== Task prompt ==
Please begin with the line containing "Le mémo de la" and reproduce each line exactly until the records below end, without any pictures.

== Given data ==
_ _ _
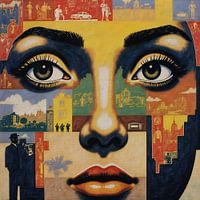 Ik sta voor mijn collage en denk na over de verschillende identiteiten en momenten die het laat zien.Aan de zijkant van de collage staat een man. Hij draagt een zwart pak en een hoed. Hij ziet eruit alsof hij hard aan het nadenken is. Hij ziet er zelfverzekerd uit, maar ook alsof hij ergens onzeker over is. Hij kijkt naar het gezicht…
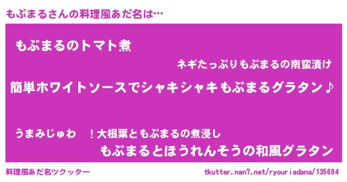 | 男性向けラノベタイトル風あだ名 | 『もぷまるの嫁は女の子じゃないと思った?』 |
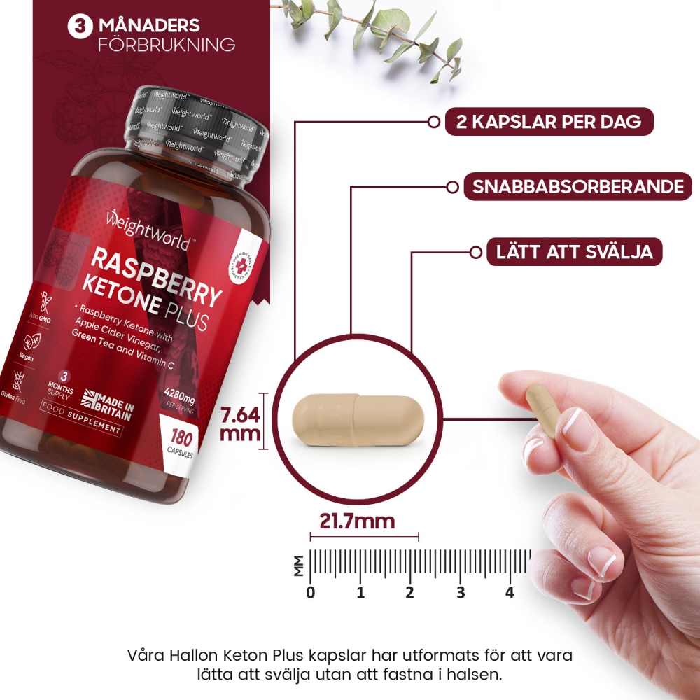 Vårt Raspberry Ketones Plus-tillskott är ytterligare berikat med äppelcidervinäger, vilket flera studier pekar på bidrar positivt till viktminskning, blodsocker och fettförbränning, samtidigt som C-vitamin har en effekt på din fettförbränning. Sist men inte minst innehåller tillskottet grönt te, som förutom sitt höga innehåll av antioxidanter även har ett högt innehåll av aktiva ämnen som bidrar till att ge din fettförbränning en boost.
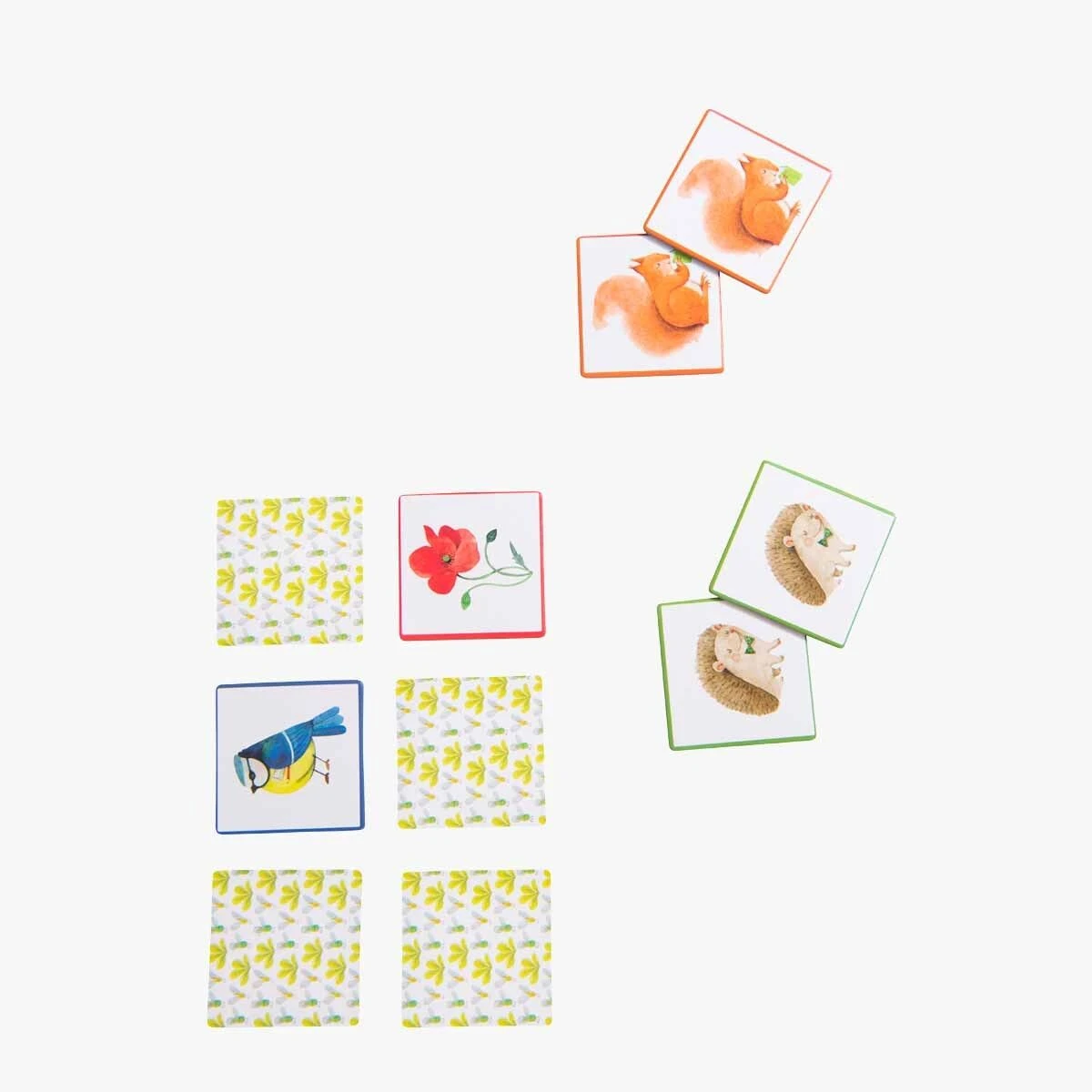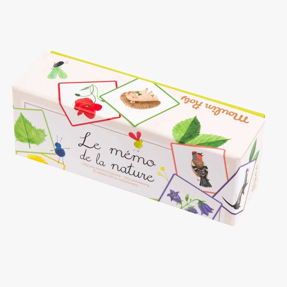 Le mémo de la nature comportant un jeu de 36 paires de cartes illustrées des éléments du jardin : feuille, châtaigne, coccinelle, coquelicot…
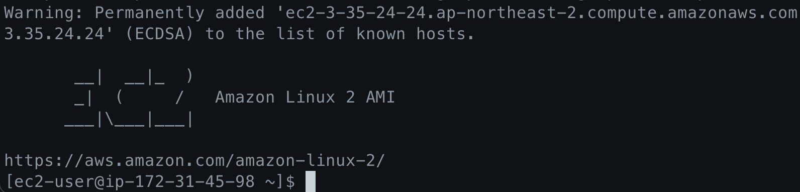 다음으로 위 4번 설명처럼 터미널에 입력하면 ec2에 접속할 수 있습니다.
_ _ _
== Reply to the task ==
 Le mémo de la nature comportant un jeu de 36 paires de cartes illustrées des éléments du jardin : feuille, châtaigne, coccinelle, coquelicot…
 다음으로 위 4번 설명처럼 터미널에 입력하면 ec2에 접속할 수 있습니다.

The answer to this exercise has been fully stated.